YOUR OBJECTIVE: From the line containing "Hilka Tools 6" to the line containing "Asimismo, GCO ha" in the entries below, reproduce every line exactly, ends included. Nothing else belongs in the copy, and no pictures.

DATA EXTRACT:
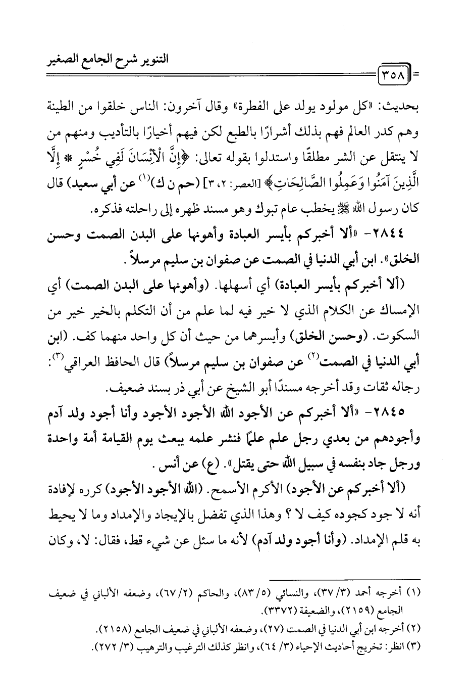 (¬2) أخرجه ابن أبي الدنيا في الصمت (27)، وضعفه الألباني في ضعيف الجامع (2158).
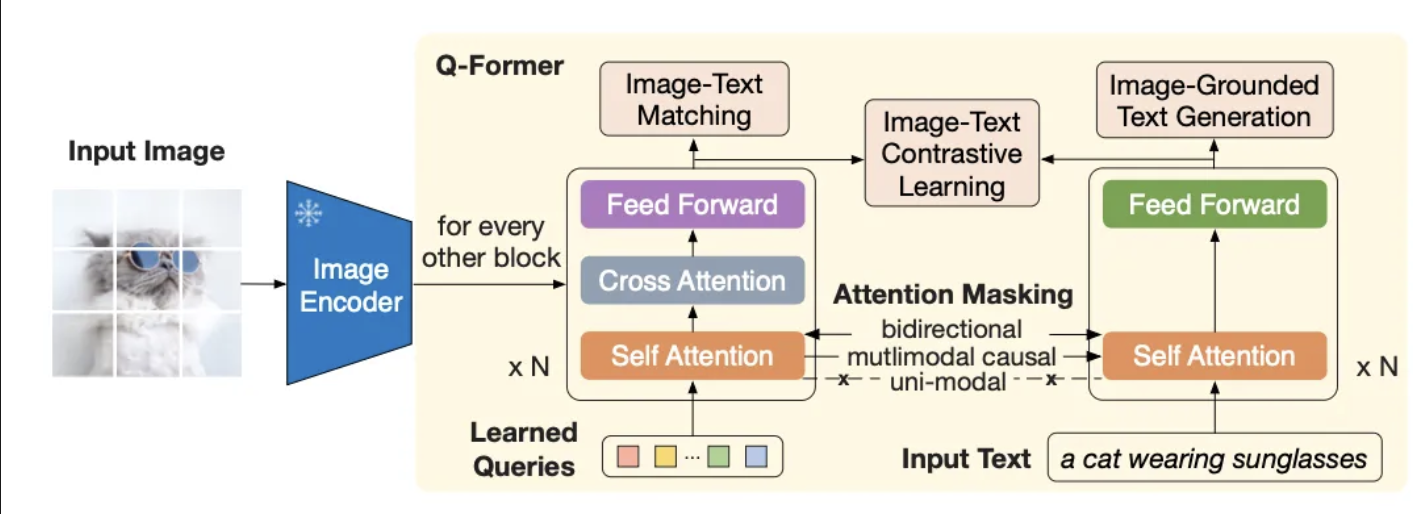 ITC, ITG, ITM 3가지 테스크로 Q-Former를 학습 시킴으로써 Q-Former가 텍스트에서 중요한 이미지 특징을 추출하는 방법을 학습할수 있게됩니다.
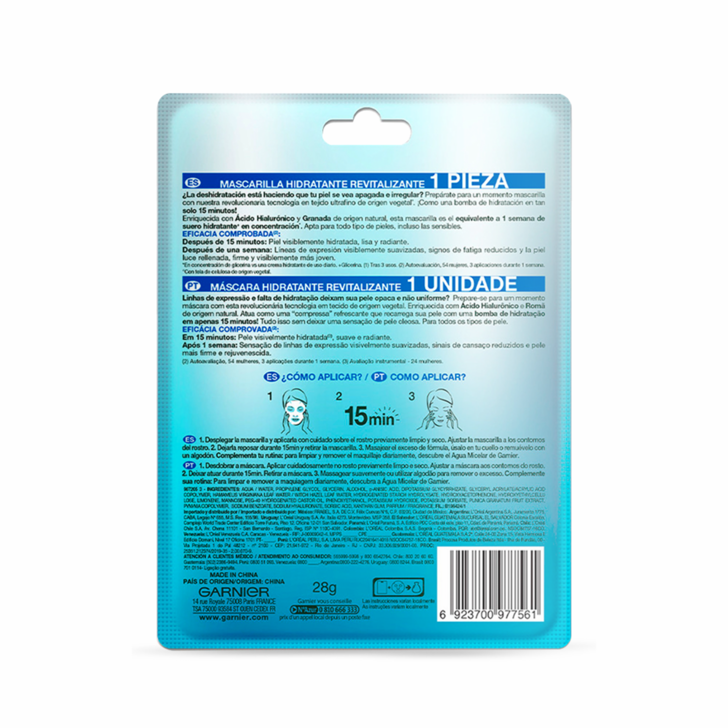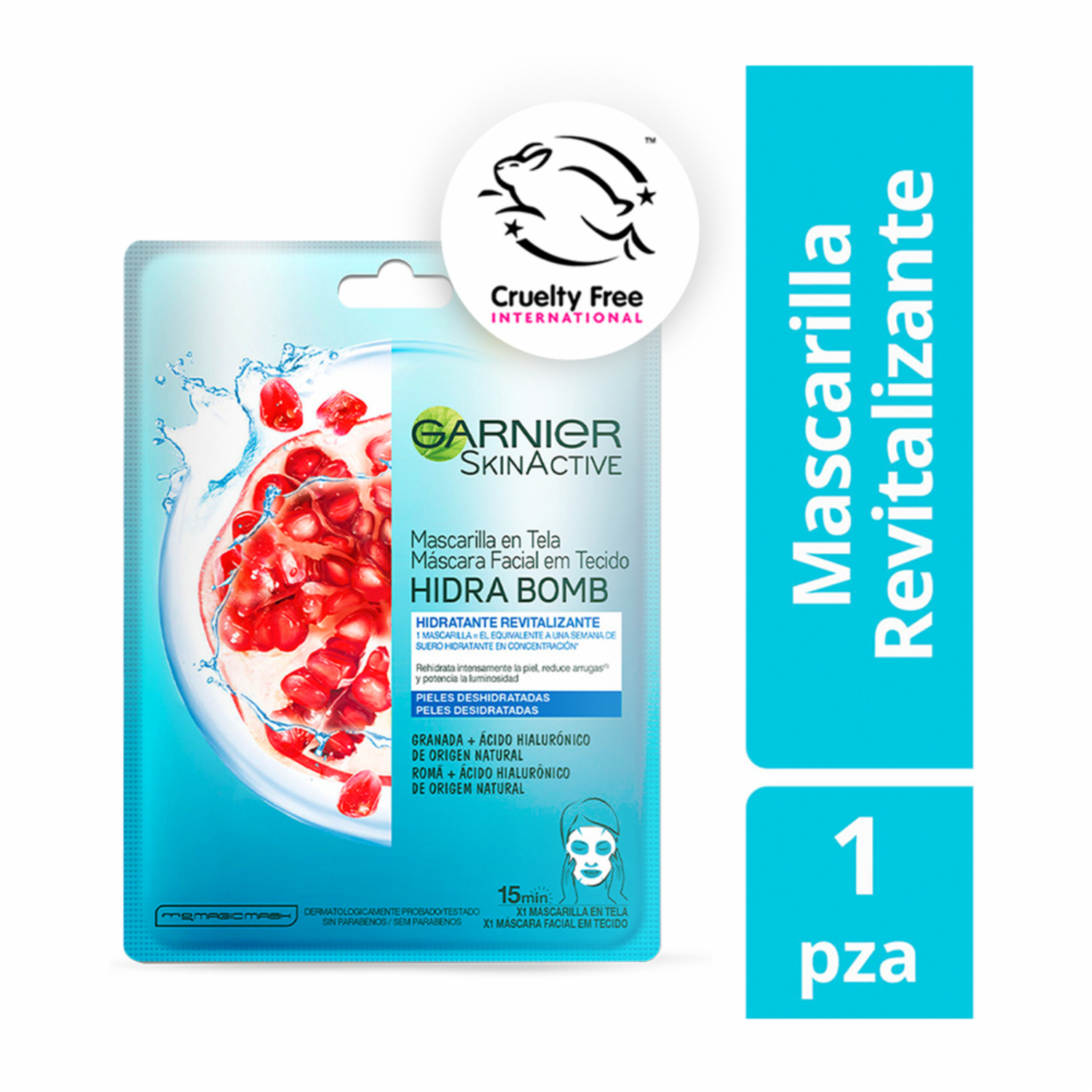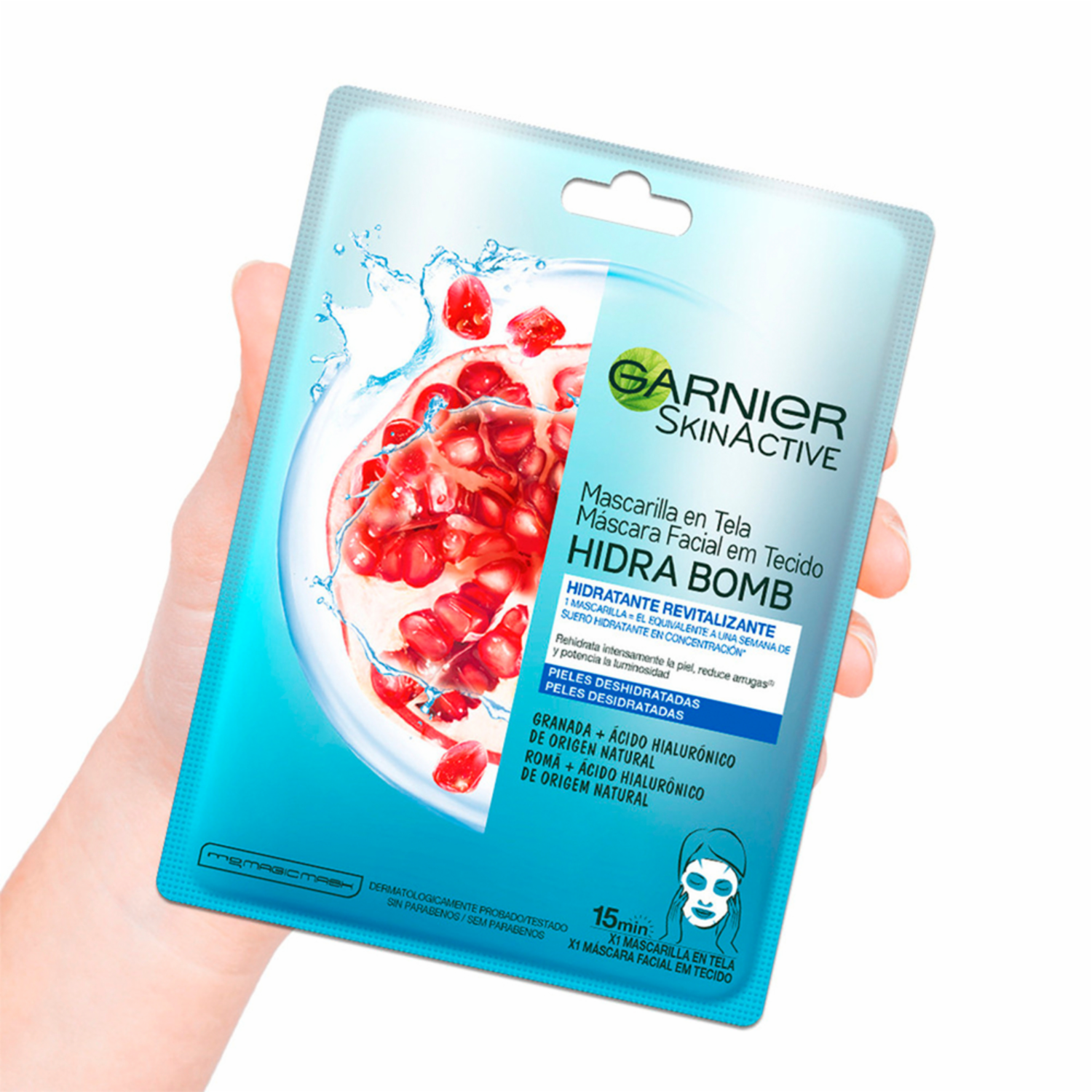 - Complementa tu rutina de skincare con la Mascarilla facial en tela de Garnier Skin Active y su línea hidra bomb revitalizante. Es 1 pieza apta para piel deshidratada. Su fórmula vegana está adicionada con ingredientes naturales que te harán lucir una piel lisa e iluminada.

==

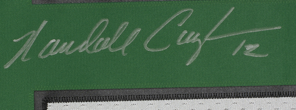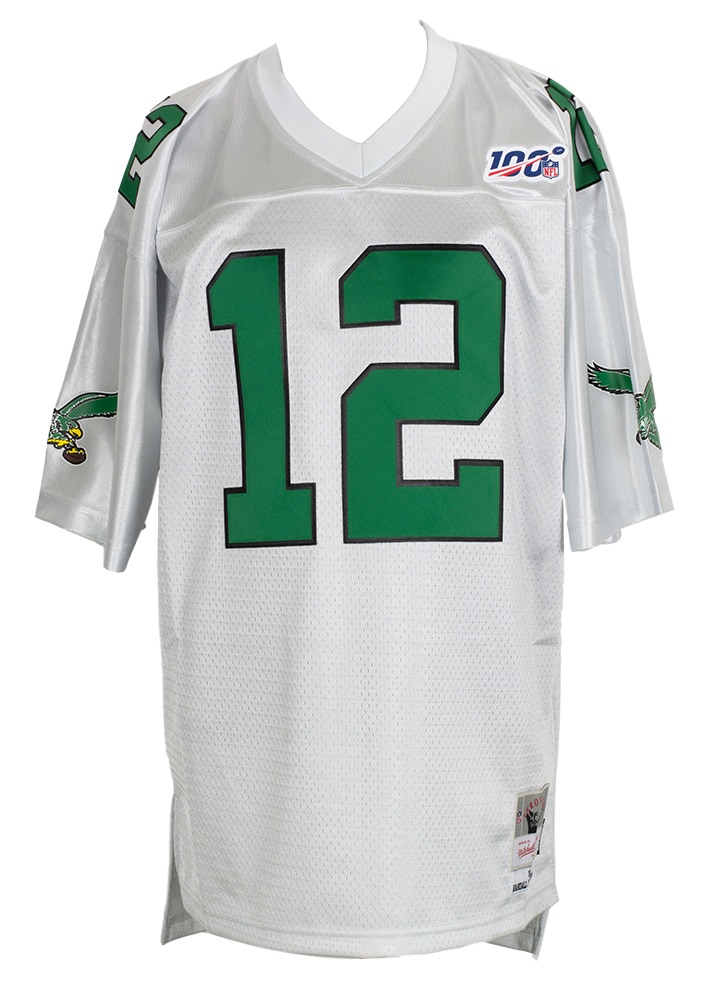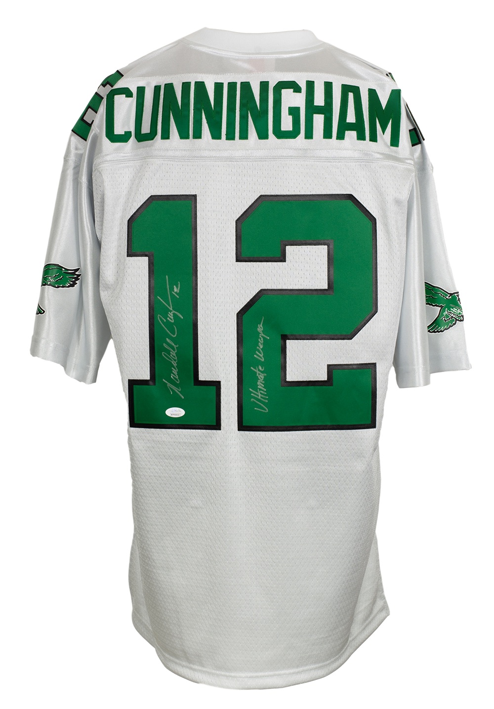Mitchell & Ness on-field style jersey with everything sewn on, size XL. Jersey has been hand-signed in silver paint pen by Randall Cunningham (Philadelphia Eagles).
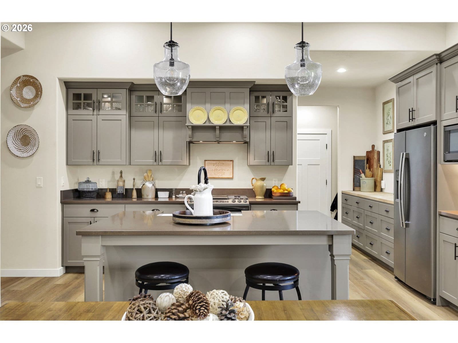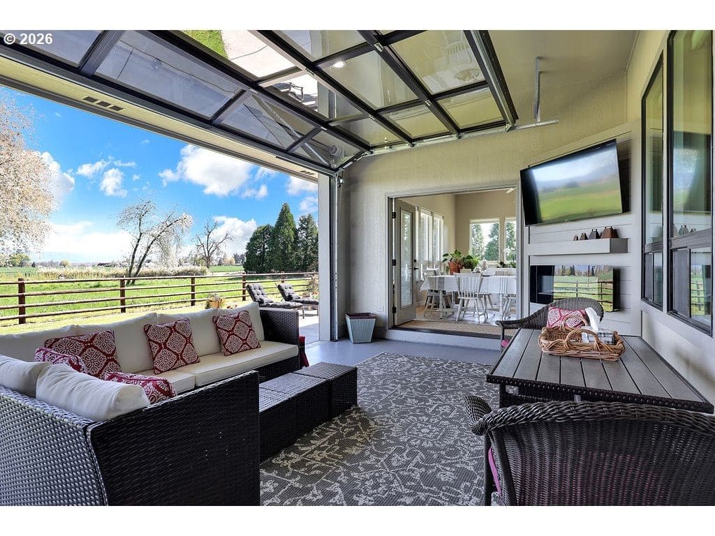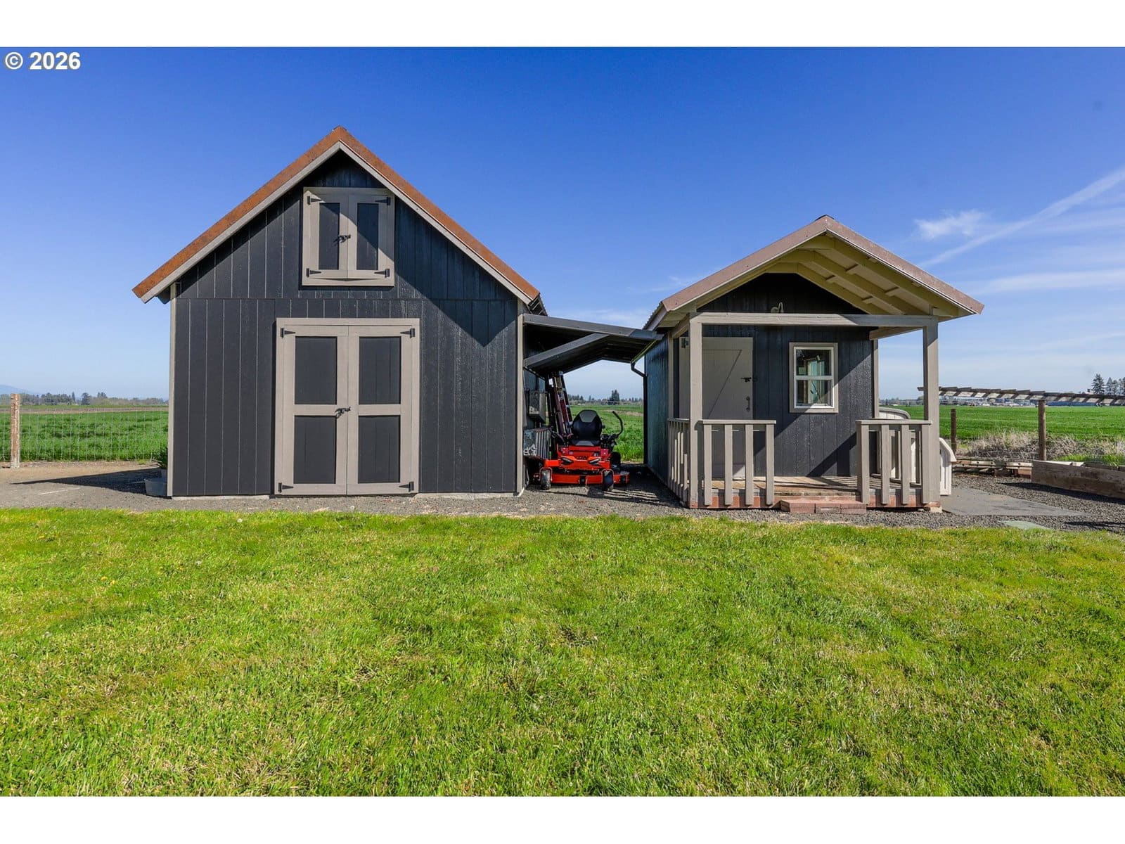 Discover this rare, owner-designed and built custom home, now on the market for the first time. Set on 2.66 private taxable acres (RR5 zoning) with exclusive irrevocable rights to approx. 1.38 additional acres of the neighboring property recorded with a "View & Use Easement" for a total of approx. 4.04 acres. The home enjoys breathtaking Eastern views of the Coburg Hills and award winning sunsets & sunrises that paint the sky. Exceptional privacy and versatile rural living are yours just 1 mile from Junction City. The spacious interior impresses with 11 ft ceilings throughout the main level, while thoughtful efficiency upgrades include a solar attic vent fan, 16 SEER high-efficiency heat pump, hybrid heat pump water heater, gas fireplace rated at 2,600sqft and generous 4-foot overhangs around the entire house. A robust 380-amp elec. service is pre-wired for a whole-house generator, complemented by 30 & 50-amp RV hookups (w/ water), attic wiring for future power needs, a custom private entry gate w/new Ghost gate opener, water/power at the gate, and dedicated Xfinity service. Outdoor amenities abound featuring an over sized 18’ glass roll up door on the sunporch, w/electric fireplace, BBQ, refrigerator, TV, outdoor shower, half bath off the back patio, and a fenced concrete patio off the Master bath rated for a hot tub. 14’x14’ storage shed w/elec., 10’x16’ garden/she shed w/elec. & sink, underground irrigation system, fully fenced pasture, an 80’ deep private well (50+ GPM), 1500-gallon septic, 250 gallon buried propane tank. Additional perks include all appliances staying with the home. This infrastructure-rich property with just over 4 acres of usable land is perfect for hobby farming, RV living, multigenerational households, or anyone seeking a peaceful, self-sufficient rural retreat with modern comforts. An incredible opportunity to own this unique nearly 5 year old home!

--

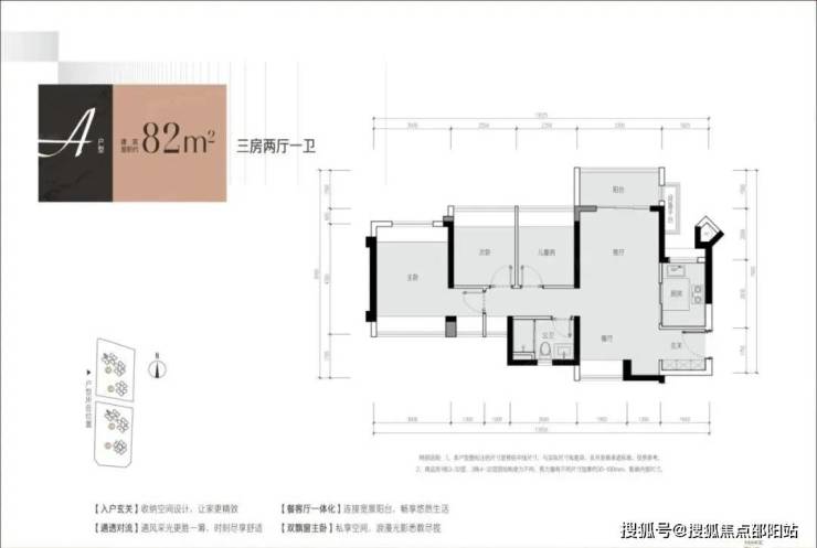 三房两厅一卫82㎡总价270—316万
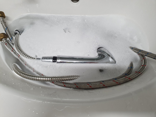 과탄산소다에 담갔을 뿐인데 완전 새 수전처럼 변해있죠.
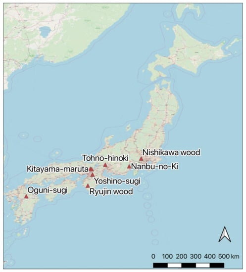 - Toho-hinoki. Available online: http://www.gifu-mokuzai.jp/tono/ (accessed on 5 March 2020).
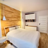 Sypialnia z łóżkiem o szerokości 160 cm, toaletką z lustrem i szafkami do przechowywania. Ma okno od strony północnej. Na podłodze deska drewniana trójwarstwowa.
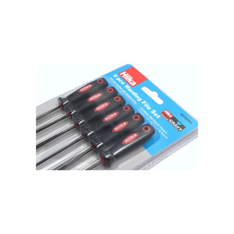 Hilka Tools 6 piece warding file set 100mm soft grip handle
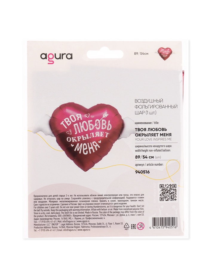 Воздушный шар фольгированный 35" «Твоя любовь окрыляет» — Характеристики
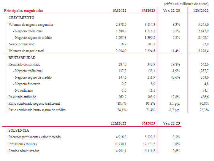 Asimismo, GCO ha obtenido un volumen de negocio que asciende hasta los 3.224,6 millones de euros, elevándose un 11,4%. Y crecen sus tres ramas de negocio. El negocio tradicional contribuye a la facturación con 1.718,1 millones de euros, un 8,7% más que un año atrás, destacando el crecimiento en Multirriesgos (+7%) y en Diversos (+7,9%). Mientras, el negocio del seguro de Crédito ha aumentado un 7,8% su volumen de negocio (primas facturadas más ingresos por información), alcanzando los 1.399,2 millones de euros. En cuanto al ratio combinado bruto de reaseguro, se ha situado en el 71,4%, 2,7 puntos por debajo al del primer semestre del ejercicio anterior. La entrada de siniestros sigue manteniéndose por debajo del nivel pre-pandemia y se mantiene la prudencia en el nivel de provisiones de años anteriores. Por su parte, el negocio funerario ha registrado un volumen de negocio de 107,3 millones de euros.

EXERCISE RESPONSE:
 Hilka Tools 6 piece warding file set 100mm soft grip handle
 Воздушный шар фольгированный 35" «Твоя любовь окрыляет» — Характеристики
 Asimismo, GCO ha obtenido un volumen de negocio que asciende hasta los 3.224,6 millones de euros, elevándose un 11,4%. Y crecen sus tres ramas de negocio. El negocio tradicional contribuye a la facturación con 1.718,1 millones de euros, un 8,7% más que un año atrás, destacando el crecimiento en Multirriesgos (+7%) y en Diversos (+7,9%). Mientras, el negocio del seguro de Crédito ha aumentado un 7,8% su volumen de negocio (primas facturadas más ingresos por información), alcanzando los 1.399,2 millones de euros. En cuanto al ratio combinado bruto de reaseguro, se ha situado en el 71,4%, 2,7 puntos por debajo al del primer semestre del ejercicio anterior. La entrada de siniestros sigue manteniéndose por debajo del nivel pre-pandemia y se mantiene la prudencia en el nivel de provisiones de años anteriores. Por su parte, el negocio funerario ha registrado un volumen de negocio de 107,3 millones de euros.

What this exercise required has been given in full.